*Study material*

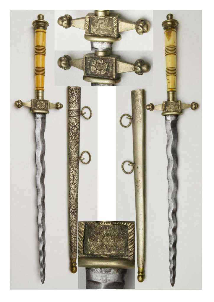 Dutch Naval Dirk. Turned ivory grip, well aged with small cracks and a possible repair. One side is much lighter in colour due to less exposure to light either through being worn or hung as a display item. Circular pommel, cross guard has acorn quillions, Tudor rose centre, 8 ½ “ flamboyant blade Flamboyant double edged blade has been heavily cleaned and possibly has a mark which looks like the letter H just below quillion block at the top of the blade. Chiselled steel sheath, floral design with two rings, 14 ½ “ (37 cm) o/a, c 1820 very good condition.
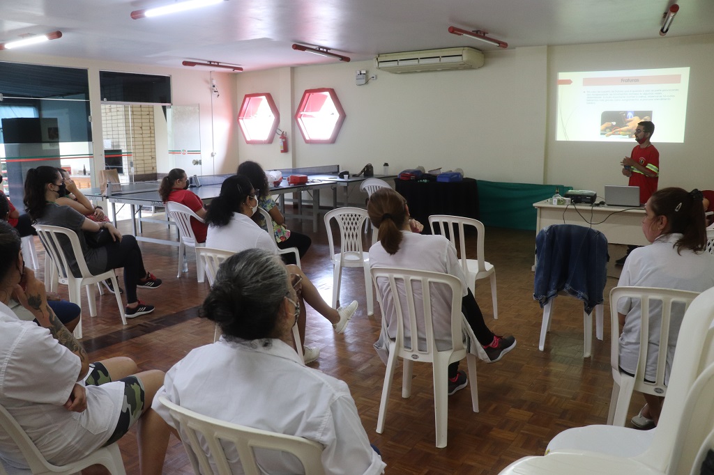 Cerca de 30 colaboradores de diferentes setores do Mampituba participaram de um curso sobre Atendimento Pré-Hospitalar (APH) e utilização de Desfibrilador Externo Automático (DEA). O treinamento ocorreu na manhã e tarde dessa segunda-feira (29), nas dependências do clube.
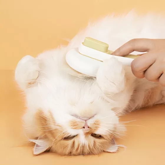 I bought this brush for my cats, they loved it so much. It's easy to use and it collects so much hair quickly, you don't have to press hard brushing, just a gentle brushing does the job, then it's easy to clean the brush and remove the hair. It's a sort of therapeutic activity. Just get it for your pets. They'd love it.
---
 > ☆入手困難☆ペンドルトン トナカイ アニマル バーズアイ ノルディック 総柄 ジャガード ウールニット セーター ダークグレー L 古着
...
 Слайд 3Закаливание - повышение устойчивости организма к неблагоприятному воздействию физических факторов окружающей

*What the task asks*
Once the line with "Dutch Naval Dirk." is found above, transcribe each line from it through the line with "I bought this", exactly, and omit the pictures.

*Answer box*
 Dutch Naval Dirk. Turned ivory grip, well aged with small cracks and a possible repair. One side is much lighter in colour due to less exposure to light either through being worn or hung as a display item. Circular pommel, cross guard has acorn quillions, Tudor rose centre, 8 ½ “ flamboyant blade Flamboyant double edged blade has been heavily cleaned and possibly has a mark which looks like the letter H just below quillion block at the top of the blade. Chiselled steel sheath, floral design with two rings, 14 ½ “ (37 cm) o/a, c 1820 very good condition.
 Cerca de 30 colaboradores de diferentes setores do Mampituba participaram de um curso sobre Atendimento Pré-Hospitalar (APH) e utilização de Desfibrilador Externo Automático (DEA). O treinamento ocorreu na manhã e tarde dessa segunda-feira (29), nas dependências do clube.
 I bought this brush for my cats, they loved it so much. It's easy to use and it collects so much hair quickly, you don't have to press hard brushing, just a gentle brushing does the job, then it's easy to clean the brush and remove the hair. It's a sort of therapeutic activity. Just get it for your pets. They'd love it.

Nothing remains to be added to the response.